AI Drug Discovery: SandboxAQ, Tazbentetol, and New

SandboxAQ on Tuesday announced an integration with Anthropic’s Claude that puts its physics-grounded drug discovery models behind a conversational interface, the same week that schizophrenia drug tazbentetol posted a 6.3-point placebo-adjusted PANSS reduction in a Phase 2 add-on trial — two data points that together illustrate how quickly AI-assisted medicine is moving from research abstraction to clinical signal.

SandboxAQ Brings LQMs Into Claude

Founded roughly five years ago as an Alphabet spinout, SandboxAQ has raised more than $950 million from investors and counts Eric Schmidt, Google’s former CEO, as its chairman. According to TechCrunch, the company has now integrated its large quantitative models (LQMs) directly into Claude, Anthropic’s conversational AI assistant.

LQMs differ from conventional language models in a fundamental way: they are built on the rules of physics rather than patterns in text. The models can run quantum chemistry calculations and simulate molecular dynamics and microkinetics — the study of how chemical reactions unfold at the molecular level. That means researchers can query how a candidate molecule is likely to behave before any lab work begins.

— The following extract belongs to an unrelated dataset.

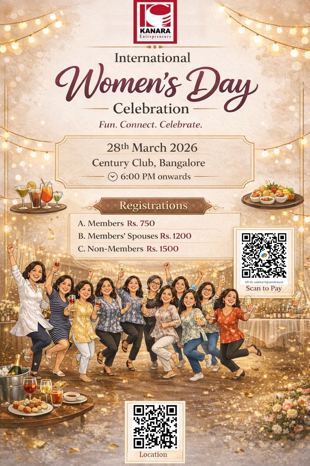 Hey Members Kanara Entrepreneurs – International Women’s Day Celebration 28th March 2026 | 6:00 PM onwards | Century Club, Bangalore…
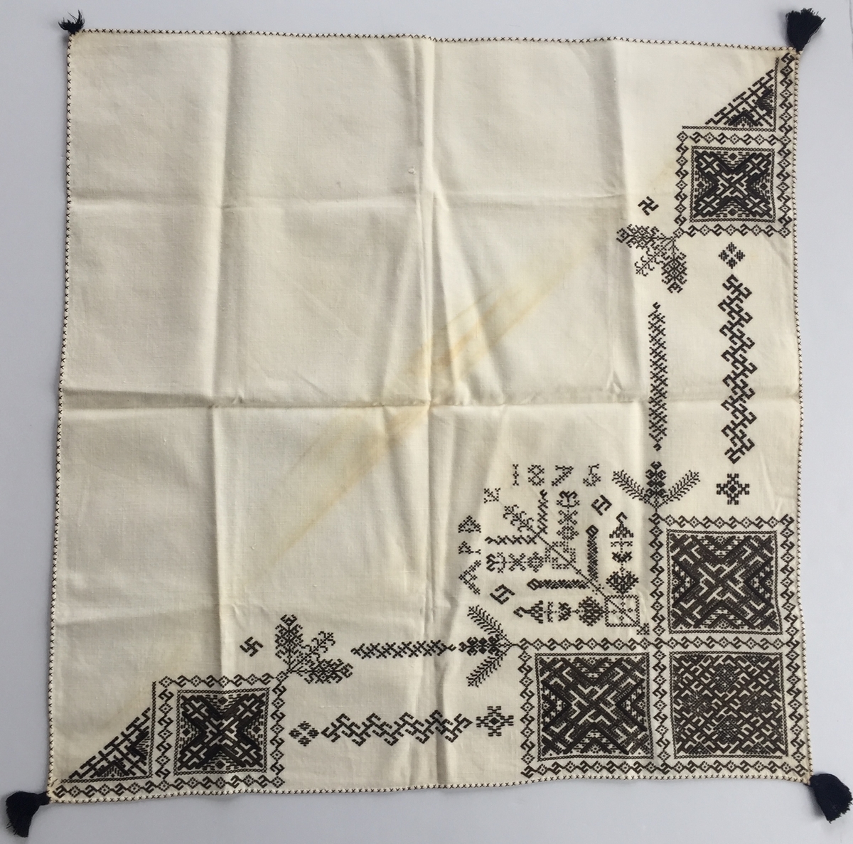 Geometriskt mönster i huvudsak i rätlinjig plattsöm i kvadrater i hörnen. Två bårder mellan kvadraterna på ryggsnibb och framsnibbar. På ryggsnibben tre kvadrater och en majstångsspira samt märkning med årtal och initialer. På varje framsnibb en kvadrat och en trekant. Åtta ornament.

The practical implication, as SandboxAQ frames it, is an interface problem solved. Most AI drug discovery tools still require technically sophisticated users to operate. By routing LQM capabilities through Claude’s conversational layer, SandboxAQ is targeting researchers who understand the science but lack specialized computing infrastructure. The company described LQMs as engineered for a “quantitative economy” it values at more than $50 trillion, spanning biopharma, financial services, energy, and advanced materials.

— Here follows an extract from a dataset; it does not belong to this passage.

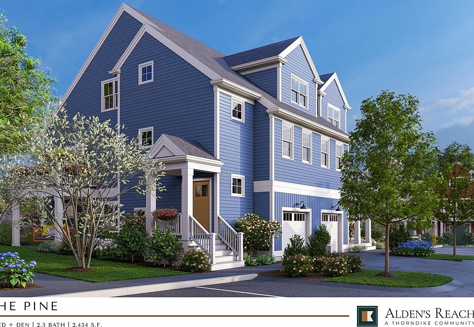 The Pine Plan has an $15,000 credit to be used towards your choice of designer upgrades. The Pine has so much to offer—the convenience of primary one-floor living, plus the flexibility to meet many different needs! Welcome to an expansive and airy open plan one level up from your ground level entry. Your living, dining and kitchen areas extend even farther when you step out onto your private deck. On the same floor, tucked away off the entry landing is the primary bedroom suite with a walk-in closet and private den. The generous loft on the upper floor can be an office, library, craft room…you name it. A second bedroom suite with oversized walk-in closet ensures privacy and welcomes guests and a full bath on that floor. This is one-floor living PLUS! A multi-generational community of detached and attached homes by award-winning Thorndike Development. At Alden’s Reach, you’ll be part of a traditional neighborhood with access to the woods, pond, and conservation land beyond.

Competitors including Chai Discovery and Isomorphic Labs have concentrated on model architecture. SandboxAQ’s bet is that accessibility — not raw model performance — is the remaining bottleneck.

Tazbentetol Posts Durable Phase 2 Signal in Schizophrenia

Separately, Spinogenix reported Phase 2 add-on trial results for tazbentetol at the Schizophrenia International Research Society 2026 Annual Congress. According to Spinogenix’s press release, the drug produced a placebo-adjusted reduction of 6.3 points on the Positive and Negative Syndrome Scale (PANSS) — a standardized measure of schizophrenia symptom severity.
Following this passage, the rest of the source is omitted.